Your goal: Using the records that follow, reproduce exactly the lines starting at the line containing "Tiek parādīts iestatījumu" and ending at the line containing "Slash the top". Include both end lines and no pictures.

Source material:
────────────────

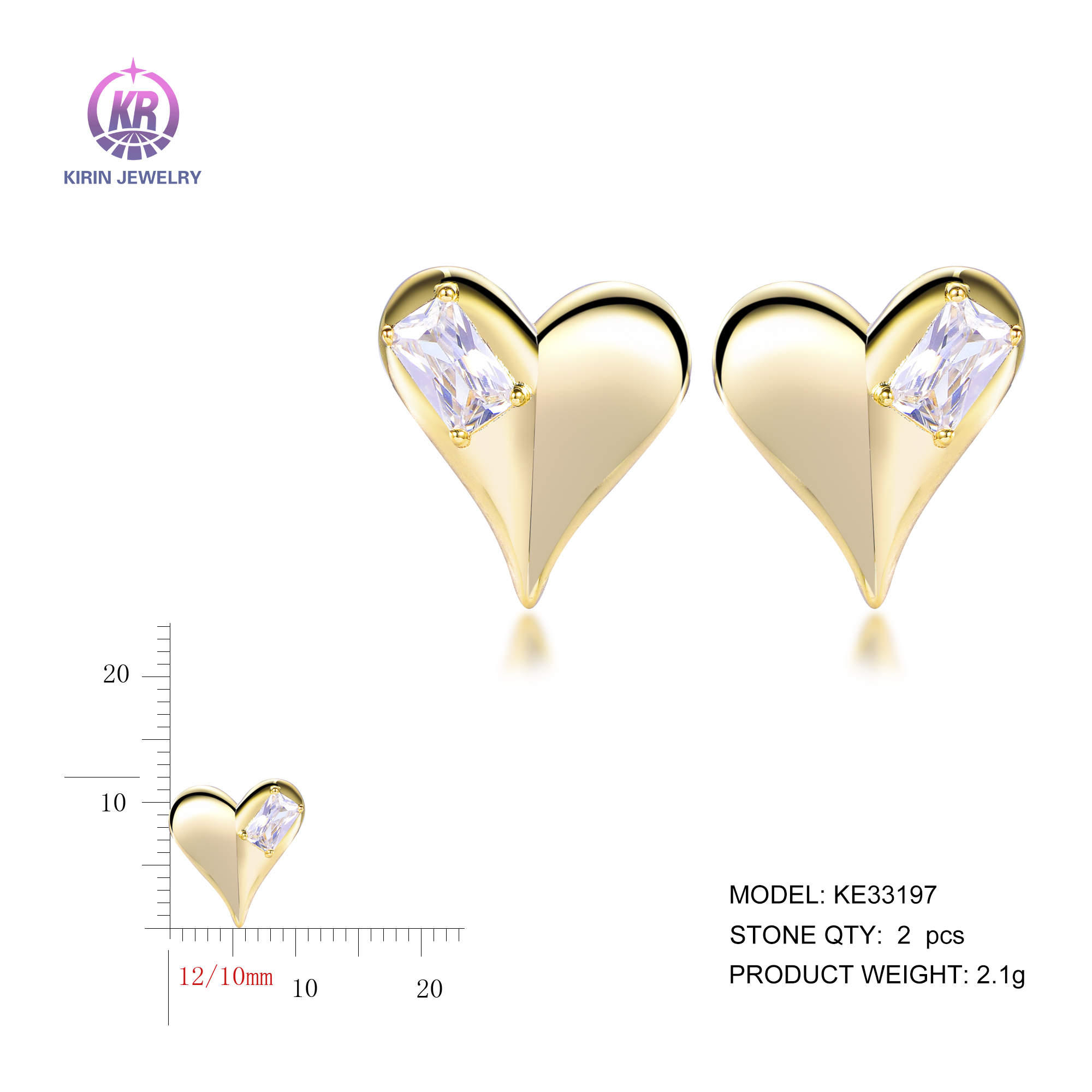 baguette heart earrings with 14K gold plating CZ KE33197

────────────────

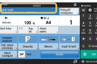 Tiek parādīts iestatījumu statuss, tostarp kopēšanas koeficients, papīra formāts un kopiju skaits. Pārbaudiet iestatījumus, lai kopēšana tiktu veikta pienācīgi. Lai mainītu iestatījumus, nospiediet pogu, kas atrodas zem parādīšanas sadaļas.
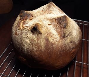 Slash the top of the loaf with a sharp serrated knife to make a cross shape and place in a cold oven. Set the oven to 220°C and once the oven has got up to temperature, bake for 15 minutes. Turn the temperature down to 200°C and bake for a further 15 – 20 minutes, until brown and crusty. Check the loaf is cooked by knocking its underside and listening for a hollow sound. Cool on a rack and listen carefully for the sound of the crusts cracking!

────────────────

Response:
 Tiek parādīts iestatījumu statuss, tostarp kopēšanas koeficients, papīra formāts un kopiju skaits. Pārbaudiet iestatījumus, lai kopēšana tiktu veikta pienācīgi. Lai mainītu iestatījumus, nospiediet pogu, kas atrodas zem parādīšanas sadaļas.
 Slash the top of the loaf with a sharp serrated knife to make a cross shape and place in a cold oven. Set the oven to 220°C and once the oven has got up to temperature, bake for 15 minutes. Turn the temperature down to 200°C and bake for a further 15 – 20 minutes, until brown and crusty. Check the loaf is cooked by knocking its underside and listening for a hollow sound. Cool on a rack and listen carefully for the sound of the crusts cracking!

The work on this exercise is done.